··· SUPPLIED INFORMATION

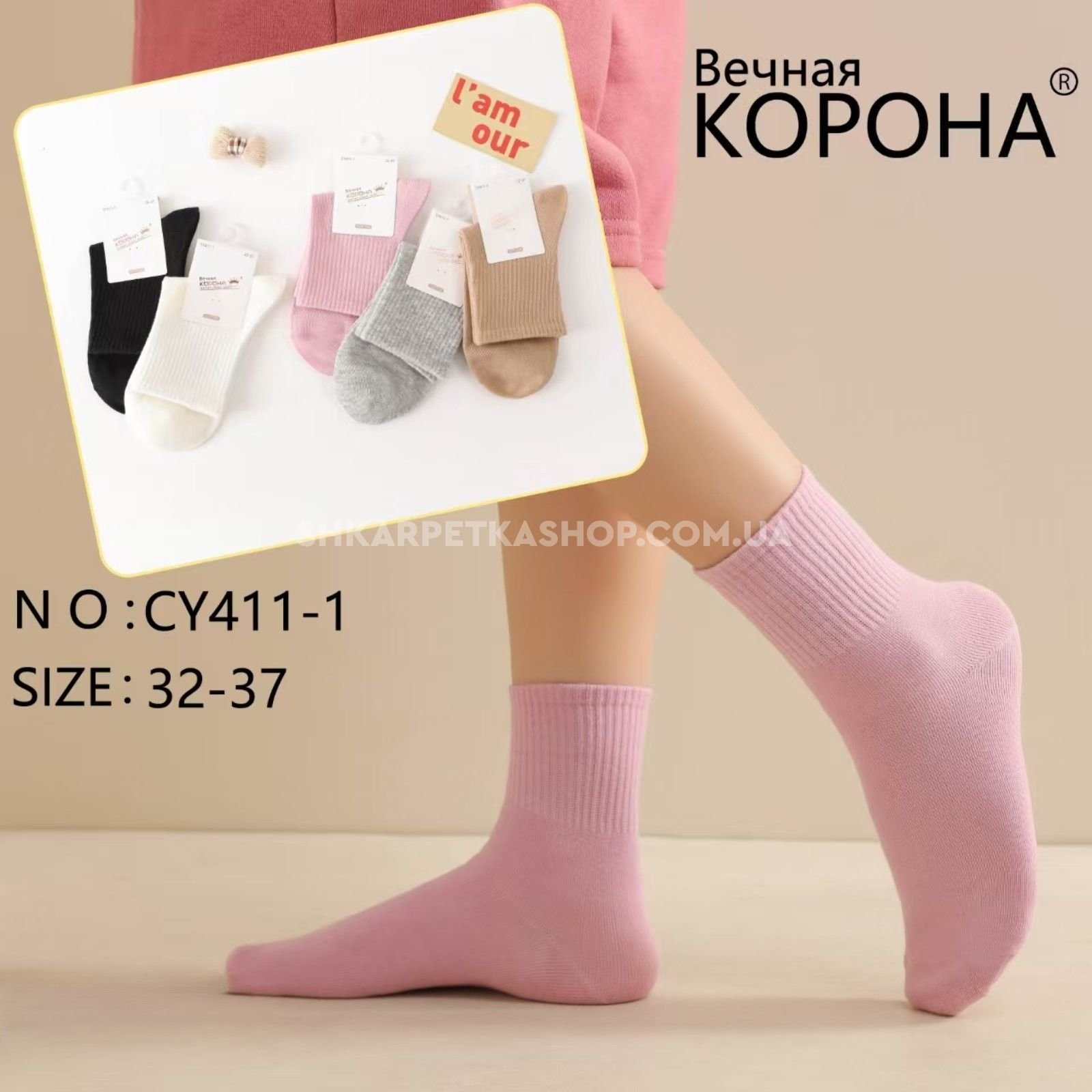 Шкарпетки "Корона" CY-411-1 стрейч підліткові, р. 32-37 -асорті -(Дівчинка /однотонні з високою гумкою в рубчик) -уп. 10 шт
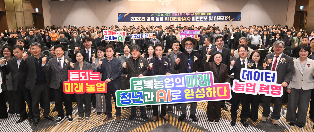 기술원은 25일 ‘2026년 경북농업 인공지능 대전환(AX) 비전 선포 및 심포지엄’을 열었다. ‘경북농업의 미래, 청년과 AI로 완성하다’라는 슬로건으로 △데이터 혁신 △로봇·자동화 △청년농 육성 등 3대 추진 전략을 발표했다.
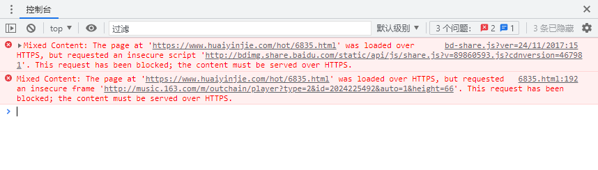Mixed Content: The page at ‘https://xxx’ was loaded over HTTPS, but requested an insecure frame ‘http://music.163.com/m/outchain/player?type=2&id=2024225492&auto=1&height=66’. This request has been blocked; the content must be served over HTTPS.

······

● **DESCRIPTION OF THE TASK**
Could you copy, exactly and with no pictures, each line from the first one above to the line holding "기술원은 25일 ‘2026년"?

● **ANSWER TO THE PROBLEM**
 Шкарпетки "Корона" CY-411-1 стрейч підліткові, р. 32-37 -асорті -(Дівчинка /однотонні з високою гумкою в рубчик) -уп. 10 шт
 기술원은 25일 ‘2026년 경북농업 인공지능 대전환(AX) 비전 선포 및 심포지엄’을 열었다. ‘경북농업의 미래, 청년과 AI로 완성하다’라는 슬로건으로 △데이터 혁신 △로봇·자동화 △청년농 육성 등 3대 추진 전략을 발표했다.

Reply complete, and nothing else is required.